#### Activity
Start at the top of the records below and copy them exactly to the end.

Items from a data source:
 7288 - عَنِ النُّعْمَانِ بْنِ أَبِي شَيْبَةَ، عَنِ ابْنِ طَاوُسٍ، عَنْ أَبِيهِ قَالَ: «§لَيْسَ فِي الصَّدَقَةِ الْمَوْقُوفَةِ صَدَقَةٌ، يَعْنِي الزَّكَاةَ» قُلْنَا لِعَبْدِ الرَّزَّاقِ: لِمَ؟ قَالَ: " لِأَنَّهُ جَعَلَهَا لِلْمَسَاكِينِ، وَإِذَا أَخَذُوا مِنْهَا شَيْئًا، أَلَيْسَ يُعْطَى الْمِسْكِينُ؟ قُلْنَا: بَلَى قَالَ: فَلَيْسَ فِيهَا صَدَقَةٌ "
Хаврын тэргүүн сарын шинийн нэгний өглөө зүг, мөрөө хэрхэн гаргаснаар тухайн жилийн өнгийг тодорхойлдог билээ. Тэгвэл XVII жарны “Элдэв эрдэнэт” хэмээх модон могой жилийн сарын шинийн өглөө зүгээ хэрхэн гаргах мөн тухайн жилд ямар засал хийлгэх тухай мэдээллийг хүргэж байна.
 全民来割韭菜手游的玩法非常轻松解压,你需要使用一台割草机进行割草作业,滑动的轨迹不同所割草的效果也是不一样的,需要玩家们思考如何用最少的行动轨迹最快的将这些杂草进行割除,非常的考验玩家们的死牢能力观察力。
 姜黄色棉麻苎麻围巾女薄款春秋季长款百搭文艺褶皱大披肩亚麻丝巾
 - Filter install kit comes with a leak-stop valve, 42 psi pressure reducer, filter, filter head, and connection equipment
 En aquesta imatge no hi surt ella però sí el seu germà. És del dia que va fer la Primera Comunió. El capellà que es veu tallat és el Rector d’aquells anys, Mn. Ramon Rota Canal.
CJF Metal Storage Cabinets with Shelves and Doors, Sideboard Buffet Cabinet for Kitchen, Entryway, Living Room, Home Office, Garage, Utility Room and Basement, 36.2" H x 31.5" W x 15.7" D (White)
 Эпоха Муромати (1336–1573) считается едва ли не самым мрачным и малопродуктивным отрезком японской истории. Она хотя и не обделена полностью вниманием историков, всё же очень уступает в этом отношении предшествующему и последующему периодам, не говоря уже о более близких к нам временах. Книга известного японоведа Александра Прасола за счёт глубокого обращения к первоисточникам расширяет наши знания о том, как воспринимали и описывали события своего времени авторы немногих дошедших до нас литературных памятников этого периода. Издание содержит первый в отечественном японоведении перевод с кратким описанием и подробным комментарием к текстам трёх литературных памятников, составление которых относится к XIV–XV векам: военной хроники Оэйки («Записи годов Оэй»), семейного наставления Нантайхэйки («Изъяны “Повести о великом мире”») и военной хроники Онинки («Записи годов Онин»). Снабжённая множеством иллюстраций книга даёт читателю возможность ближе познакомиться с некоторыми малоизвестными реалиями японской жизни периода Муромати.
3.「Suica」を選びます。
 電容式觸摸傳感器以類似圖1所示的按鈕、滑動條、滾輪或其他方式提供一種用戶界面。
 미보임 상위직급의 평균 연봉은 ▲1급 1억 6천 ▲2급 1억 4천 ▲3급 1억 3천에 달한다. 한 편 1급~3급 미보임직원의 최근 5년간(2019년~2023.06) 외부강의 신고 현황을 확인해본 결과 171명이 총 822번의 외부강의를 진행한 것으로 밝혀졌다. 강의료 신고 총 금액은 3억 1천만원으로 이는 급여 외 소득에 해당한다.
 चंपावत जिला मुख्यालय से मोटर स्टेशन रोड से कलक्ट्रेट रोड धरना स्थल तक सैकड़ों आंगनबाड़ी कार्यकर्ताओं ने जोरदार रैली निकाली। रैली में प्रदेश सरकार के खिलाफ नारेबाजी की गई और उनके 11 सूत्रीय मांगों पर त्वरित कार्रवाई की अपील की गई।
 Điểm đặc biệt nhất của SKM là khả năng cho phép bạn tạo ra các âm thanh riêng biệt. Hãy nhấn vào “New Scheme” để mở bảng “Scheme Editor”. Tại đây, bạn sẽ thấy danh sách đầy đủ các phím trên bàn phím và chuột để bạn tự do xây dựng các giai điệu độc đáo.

#### Solution to this problem
 7288 - عَنِ النُّعْمَانِ بْنِ أَبِي شَيْبَةَ، عَنِ ابْنِ طَاوُسٍ، عَنْ أَبِيهِ قَالَ: «§لَيْسَ فِي الصَّدَقَةِ الْمَوْقُوفَةِ صَدَقَةٌ، يَعْنِي الزَّكَاةَ» قُلْنَا لِعَبْدِ الرَّزَّاقِ: لِمَ؟ قَالَ: " لِأَنَّهُ جَعَلَهَا لِلْمَسَاكِينِ، وَإِذَا أَخَذُوا مِنْهَا شَيْئًا، أَلَيْسَ يُعْطَى الْمِسْكِينُ؟ قُلْنَا: بَلَى قَالَ: فَلَيْسَ فِيهَا صَدَقَةٌ "
Хаврын тэргүүн сарын шинийн нэгний өглөө зүг, мөрөө хэрхэн гаргаснаар тухайн жилийн өнгийг тодорхойлдог билээ. Тэгвэл XVII жарны “Элдэв эрдэнэт” хэмээх модон могой жилийн сарын шинийн өглөө зүгээ хэрхэн гаргах мөн тухайн жилд ямар засал хийлгэх тухай мэдээллийг хүргэж байна.
 全民来割韭菜手游的玩法非常轻松解压,你需要使用一台割草机进行割草作业,滑动的轨迹不同所割草的效果也是不一样的,需要玩家们思考如何用最少的行动轨迹最快的将这些杂草进行割除,非常的考验玩家们的死牢能力观察力。
 姜黄色棉麻苎麻围巾女薄款春秋季长款百搭文艺褶皱大披肩亚麻丝巾
 - Filter install kit comes with a leak-stop valve, 42 psi pressure reducer, filter, filter head, and connection equipment
 En aquesta imatge no hi surt ella però sí el seu germà. És del dia que va fer la Primera Comunió. El capellà que es veu tallat és el Rector d’aquells anys, Mn. Ramon Rota Canal.
CJF Metal Storage Cabinets with Shelves and Doors, Sideboard Buffet Cabinet for Kitchen, Entryway, Living Room, Home Office, Garage, Utility Room and Basement, 36.2" H x 31.5" W x 15.7" D (White)
 Эпоха Муромати (1336–1573) считается едва ли не самым мрачным и малопродуктивным отрезком японской истории. Она хотя и не обделена полностью вниманием историков, всё же очень уступает в этом отношении предшествующему и последующему периодам, не говоря уже о более близких к нам временах. Книга известного японоведа Александра Прасола за счёт глубокого обращения к первоисточникам расширяет наши знания о том, как воспринимали и описывали события своего времени авторы немногих дошедших до нас литературных памятников этого периода. Издание содержит первый в отечественном японоведении перевод с кратким описанием и подробным комментарием к текстам трёх литературных памятников, составление которых относится к XIV–XV векам: военной хроники Оэйки («Записи годов Оэй»), семейного наставления Нантайхэйки («Изъяны “Повести о великом мире”») и военной хроники Онинки («Записи годов Онин»). Снабжённая множеством иллюстраций книга даёт читателю возможность ближе познакомиться с некоторыми малоизвестными реалиями японской жизни периода Муромати.
3.「Suica」を選びます。
 電容式觸摸傳感器以類似圖1所示的按鈕、滑動條、滾輪或其他方式提供一種用戶界面。
 미보임 상위직급의 평균 연봉은 ▲1급 1억 6천 ▲2급 1억 4천 ▲3급 1억 3천에 달한다. 한 편 1급~3급 미보임직원의 최근 5년간(2019년~2023.06) 외부강의 신고 현황을 확인해본 결과 171명이 총 822번의 외부강의를 진행한 것으로 밝혀졌다. 강의료 신고 총 금액은 3억 1천만원으로 이는 급여 외 소득에 해당한다.
 चंपावत जिला मुख्यालय से मोटर स्टेशन रोड से कलक्ट्रेट रोड धरना स्थल तक सैकड़ों आंगनबाड़ी कार्यकर्ताओं ने जोरदार रैली निकाली। रैली में प्रदेश सरकार के खिलाफ नारेबाजी की गई और उनके 11 सूत्रीय मांगों पर त्वरित कार्रवाई की अपील की गई।
 Điểm đặc biệt nhất của SKM là khả năng cho phép bạn tạo ra các âm thanh riêng biệt. Hãy nhấn vào “New Scheme” để mở bảng “Scheme Editor”. Tại đây, bạn sẽ thấy danh sách đầy đủ các phím trên bàn phím và chuột để bạn tự do xây dựng các giai điệu độc đáo.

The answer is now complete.